Journal of Clinical Microbiology, September 2002, p. 3319-3325, Vol. 40, No. 9
0095-1137/02/$04.00+0 DOI: 10.1128/JCM.40.9.3319-3325.2002
Copyright © 2002, American Society for Microbiology. All Rights Reserved.
Arnaldo Yoshiteru Kuaye,1,
Theresa Gina Cargioli,1 Michael S. Chung,1 Rasmus Nielsen,2 and Martin Wiedmann1*
Department of Food Science,1 Department of Biometry, Cornell University, Ithaca, New York2
Received 23 April 2002/ Returned for modification 29 May 2002/ Accepted 1 July 2002
|
|
|---|
|
|
|---|
Commonly used phenotype-based subtyping methods for L. monocytogenes and other food-borne pathogens include serotyping, phage typing, and multilocus enzyme electrophoresis (MLEE) (14, 24). DNA-based subtyping methods include PCR-based approaches (e.g., random amplified polymorphic DNA and amplified fragment length polymorphism), ribotyping, and pulsed-field gel electrophoresis (2, 13, 16). These DNA-based methods define bacterial subtypes by using either PCR amplification or restriction digestion of bacterial DNA to generate DNA fragment banding patterns. While many of these methods have proven effective for differentiating L. monocytogenes subtypes, DNA fragment size-based subtyping methods have significant drawbacks. For example, despite the existence of software packages for data normalization and analyses (12), these subtyping methods are often difficult to standardize. As a consequence, the ease of exchanging and comparing subtype data among laboratories can be severely limited. While DNA fragment size-based subtyping methods have been used for cluster analyses, they generally do not provide information amenable to the inference of primary genetic characteristics (i.e., nucleotide sequences) for evolutionary analyses. As long-term studies on the epidemiology, ecology, and evolution of bacterial pathogens require subtyping data that can be used to infer and quantify the genetic relatedness of isolates, DNA fragment size-based subtyping methods have limited utility for these applications.
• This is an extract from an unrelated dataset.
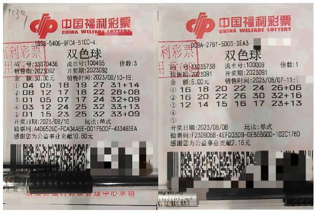 8月14日上午,双色球第2023091期大奖得主来自温州的孟先生和第2023092期大奖得主金华的肖先生一同来到省福彩中心兑领大奖。

DNA sequencing-based methods are being developed and increasingly used for subtyping and characterizing bacterial isolates. In these methods, complete or partial nucleotide sequences are determined for one or more bacterial genes or chromosomal regions, thus providing unambiguous and discrete data. Sequencing can target a single gene (single locus approach) or multiple genes. The advantages of sequencing methods over DNA fragment size-based typing methods include their ability to generate unambiguous data that are portable through web-based databases and that can be used for phylogenetic analyses (3, 9). While a variety of DNA sequence-based subtyping strategies targeting virulence genes, housekeeping genes, or other chromosomal genes and regions are feasible, multilocus sequence typing (MLST), which is an extension of MLEE, represents a widely used strategy (26).
MLEE differentiates bacterial strains by detecting variations in the patterns of the electrophoretic mobilities of various constitutive enzymes. Cell extracts containing soluble enzymes are separated by size in nondenaturing starch gels, and enzyme activities are determined in the gels through application of color-generating substrates (14). While MLEE has been used to study the population genetics of many bacterial pathogens, including L. monocytogenes (23), this method is difficult to standardize among laboratories.
MLST directly determines the allelic variation of multiple housekeeping genes by using DNA sequencing instead of indirectly characterizing these alleles via measurement of the electrophoretic mobilities of the gene products through MLEE (7). MLST approaches have been developed for several organisms, including group A streptococci, Staphylococcus aureus, Neisseria meningitidis, and Campylobacter jejuni (4-6). MLST traditionally targets multiple loci that have slowly diversified from each other through accumulation of neutral or near neutral changes, thus providing reliable differentiation without the potentially confounding effects of positive selection that may particularly occur in certain categories of genes, such as bacterial virulence or surface genes (20, 26). On the other hand, direct sequencing of virulence genes (9) or intergenic regions may provide more-sensitive discrimination for cluster analyses and short-term epidemiological questions.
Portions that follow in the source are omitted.